Informed Consent for Routine Genetic Screening: Realistic or Idealistic?
Blair Stevens, Chelsea Wagner, Meagan Choates, Jacqueline Harkenrider, Samantha Montgomery, Shannon Mulligan, Aarti Ramdaney, Lea Jenna
American Journal of Obstetrics & Gynecology, 1 January 2023
Aneuploidy and carrier screening should be offered to in the context of pretest education about the benefits and limitations of screening. We aimed to assess informed decision making regarding non-invasive prenatal testing (NIPT) and carrier screening (CS) using a validated Multi-Dimensional Measure of Informed Choice tool, which includes a knowledge scale, attitude scale and test behavior.
Study Design
Knowledge and satisfaction were assessed in a low risk cohort of patients who received pretest education for routine prenatal genetic screening through two different service models. Participants underwent either a consult with a genetic counselor (GC) (n=100) or utilized an interactive online module created by a team of GCs (n=115). Results from each cohort were compared to assess for differences in self reported informed decision making and knowledge.

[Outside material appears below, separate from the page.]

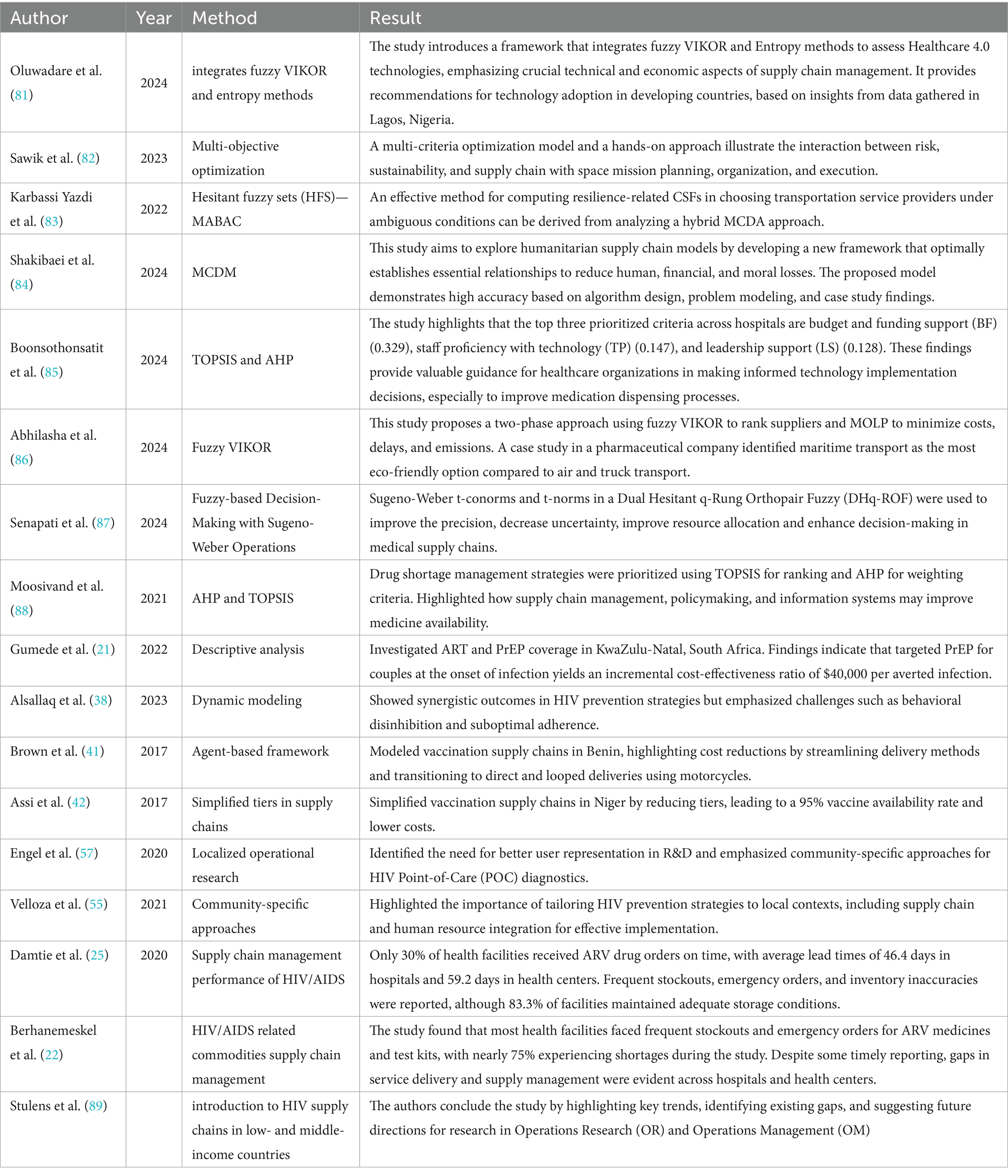 Table 1. Review of related methods and contextual literature on multi-criteria decision-making in healthcare and supply chain.
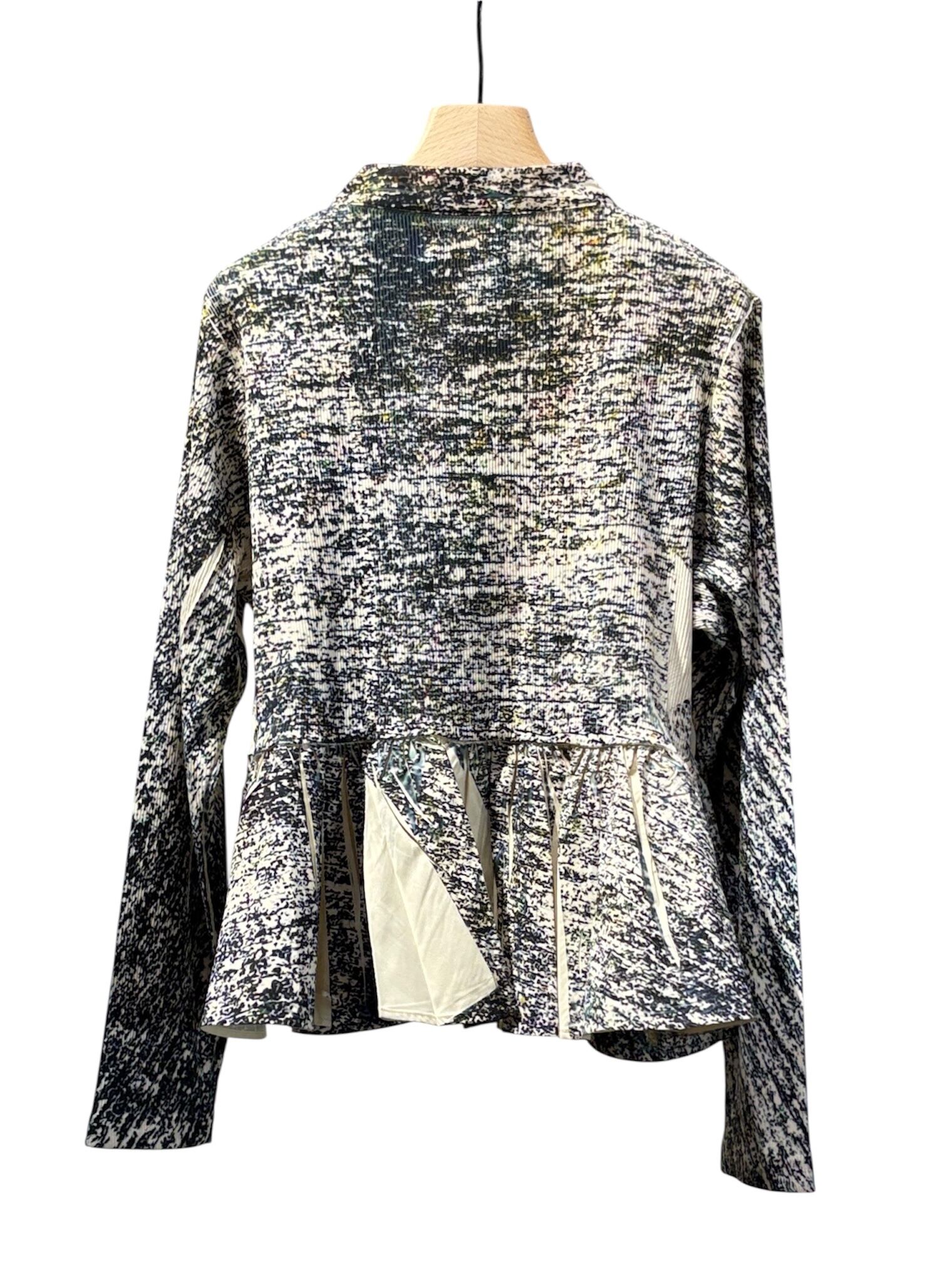 転写フォトプリントが施されたギャザーカーディガン。

Overall scores regarding knowledge of NIPT and CS were higher in the GC-cohort (Mdn=84%, range=41-96%) compared to participants who utilized the online module (Mdn= 70%, range= 24-79%), demonstrating a significant difference in knowledge between these two groups (p=0.02). The majority of both groups expressed satisfaction with their pretest education regardless if it was through a GC (Mdn=97%, range=94-99%) or online education module (Mdn= 93%, range= 89-99%). There was no significant difference between the cohorts and their reported satisfaction (p=0.06). The majority of both cohorts believed they made informed decisions regarding their genetic screening.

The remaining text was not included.